*Aim of the task*:
Send back the line that contains "Это для моих" and all lines following it through the end of the data below, exactly, omitting pictures.
*** Information shown Section Begins ***
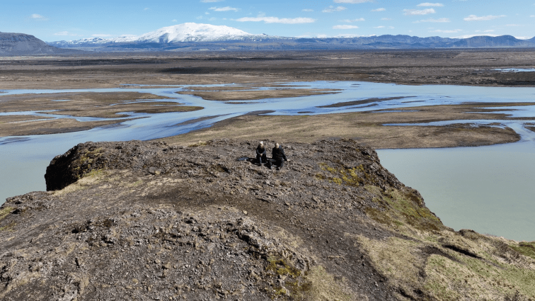 Außerdem wusste ich ja, dass ich gleich noch mal fliegen kann. Wir fuhren nämlich noch an einem Berg mit dem illustren Namen Stóra-Dímon vorbei. Genau genommen heißt der daneben liegende Fluss wohl auch so. Im letzten Jahr war dies der Ort, wo ich beinahe meine Drohne verloren hätte. Nach einem kurzen Flug brachen alle Signale ab und ich befürchtete das Schlimmste. Sie kam nach einigen Augenblicken dann wieder zu mir zurück. Ich war also heute gewarnt, dass es hier mitunter Störungen geben kann.
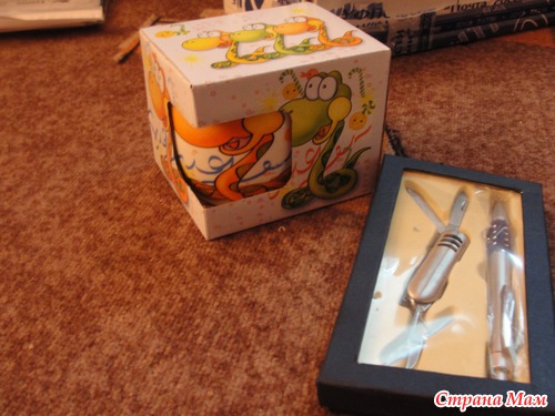 Это для моих родителей. Папе-ручка с ножичком. Маме-кружка. Она так обрадовалась. Впервые "посылочные" подарки приходят родителям.
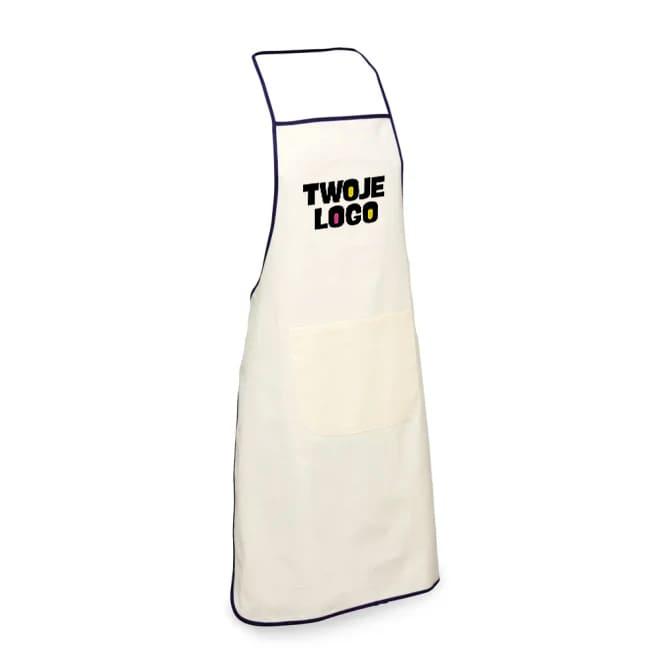 Fartuch z miękkiego materiału 100% bawełny (105 g/m²), kolor naturalnego włókna, z kolorowymi detalami. Fartuch z 1 przednią kieszenią i sznurkami do ściągania. 600 x 900 mm | Kieszeń: 250 x 200 mm
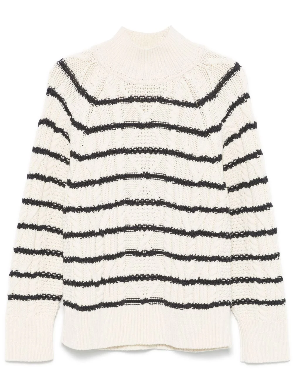 striped sweater Highlights - Blue/white - Cotton-virgin wool blend - Knitted construction - Horizontal stripe pattern - Mock neck - Long sleeves - Ribbed cuffs and hem Imported Composition Cotton 60%, Virgin Wool 40%
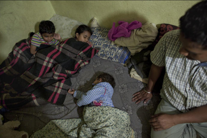 Prem Bahadur, Somaiya and their children asleep after a long day.
*** Information shown Section Ends ***
*Task output*:
 Это для моих родителей. Папе-ручка с ножичком. Маме-кружка. Она так обрадовалась. Впервые "посылочные" подарки приходят родителям.
 Fartuch z miękkiego materiału 100% bawełny (105 g/m²), kolor naturalnego włókna, z kolorowymi detalami. Fartuch z 1 przednią kieszenią i sznurkami do ściągania. 600 x 900 mm | Kieszeń: 250 x 200 mm
 striped sweater Highlights - Blue/white - Cotton-virgin wool blend - Knitted construction - Horizontal stripe pattern - Mock neck - Long sleeves - Ribbed cuffs and hem Imported Composition Cotton 60%, Virgin Wool 40%
 Prem Bahadur, Somaiya and their children asleep after a long day.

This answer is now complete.